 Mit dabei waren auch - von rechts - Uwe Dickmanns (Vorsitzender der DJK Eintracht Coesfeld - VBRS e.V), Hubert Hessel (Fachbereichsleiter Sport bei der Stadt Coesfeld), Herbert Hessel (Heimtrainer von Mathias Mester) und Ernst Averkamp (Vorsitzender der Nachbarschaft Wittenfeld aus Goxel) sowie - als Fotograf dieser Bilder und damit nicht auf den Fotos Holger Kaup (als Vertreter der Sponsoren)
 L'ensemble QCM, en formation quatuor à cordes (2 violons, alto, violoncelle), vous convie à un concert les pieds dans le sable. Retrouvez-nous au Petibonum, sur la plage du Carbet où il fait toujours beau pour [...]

==

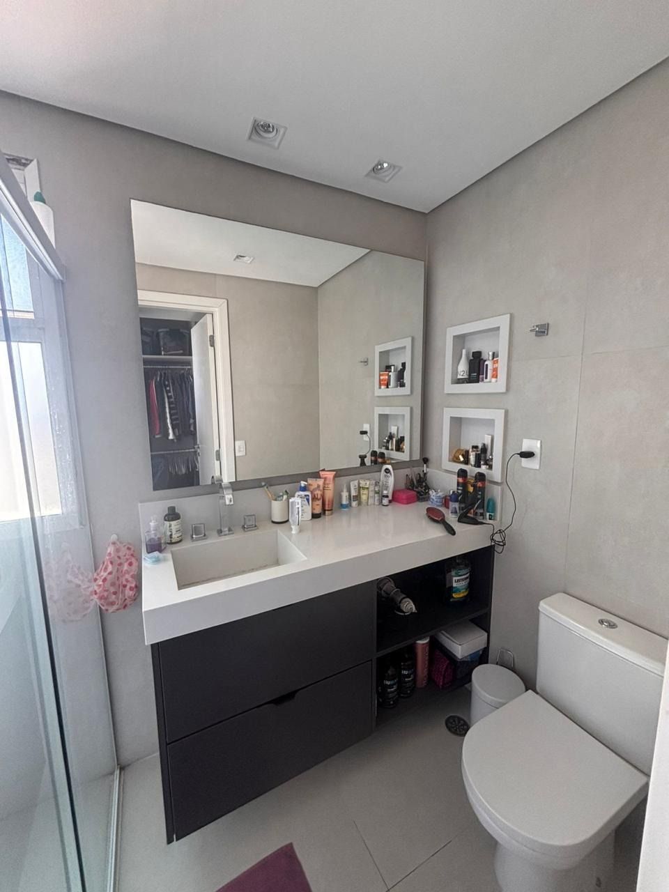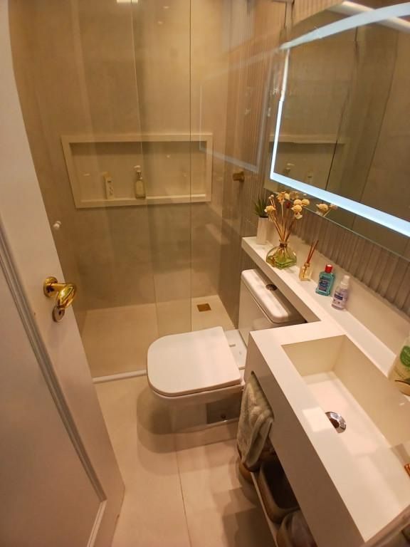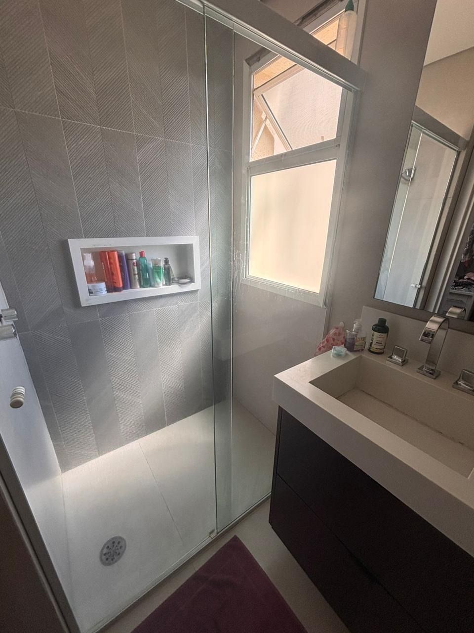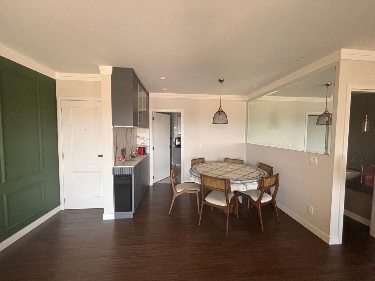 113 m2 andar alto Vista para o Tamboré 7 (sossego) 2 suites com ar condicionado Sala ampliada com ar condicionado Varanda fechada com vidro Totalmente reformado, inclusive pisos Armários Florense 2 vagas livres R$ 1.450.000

* * *

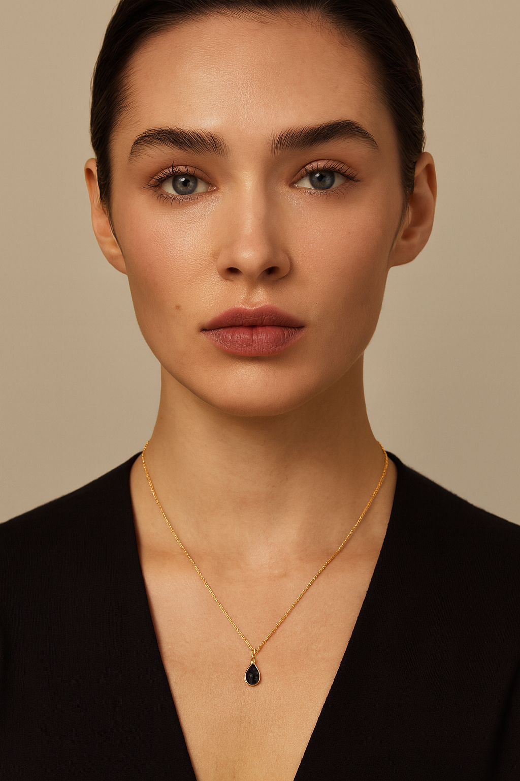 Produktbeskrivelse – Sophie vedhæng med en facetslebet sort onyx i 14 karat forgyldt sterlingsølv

• **Required action**: All lines above from the line with "Mit dabei waren" through the line with "L'ensemble QCM, en", both included, are to be set down exactly, with nothing else.

• **Response to this task**:
 Mit dabei waren auch - von rechts - Uwe Dickmanns (Vorsitzender der DJK Eintracht Coesfeld - VBRS e.V), Hubert Hessel (Fachbereichsleiter Sport bei der Stadt Coesfeld), Herbert Hessel (Heimtrainer von Mathias Mester) und Ernst Averkamp (Vorsitzender der Nachbarschaft Wittenfeld aus Goxel) sowie - als Fotograf dieser Bilder und damit nicht auf den Fotos Holger Kaup (als Vertreter der Sponsoren)
 L'ensemble QCM, en formation quatuor à cordes (2 violons, alto, violoncelle), vous convie à un concert les pieds dans le sable. Retrouvez-nous au Petibonum, sur la plage du Carbet où il fait toujours beau pour [...]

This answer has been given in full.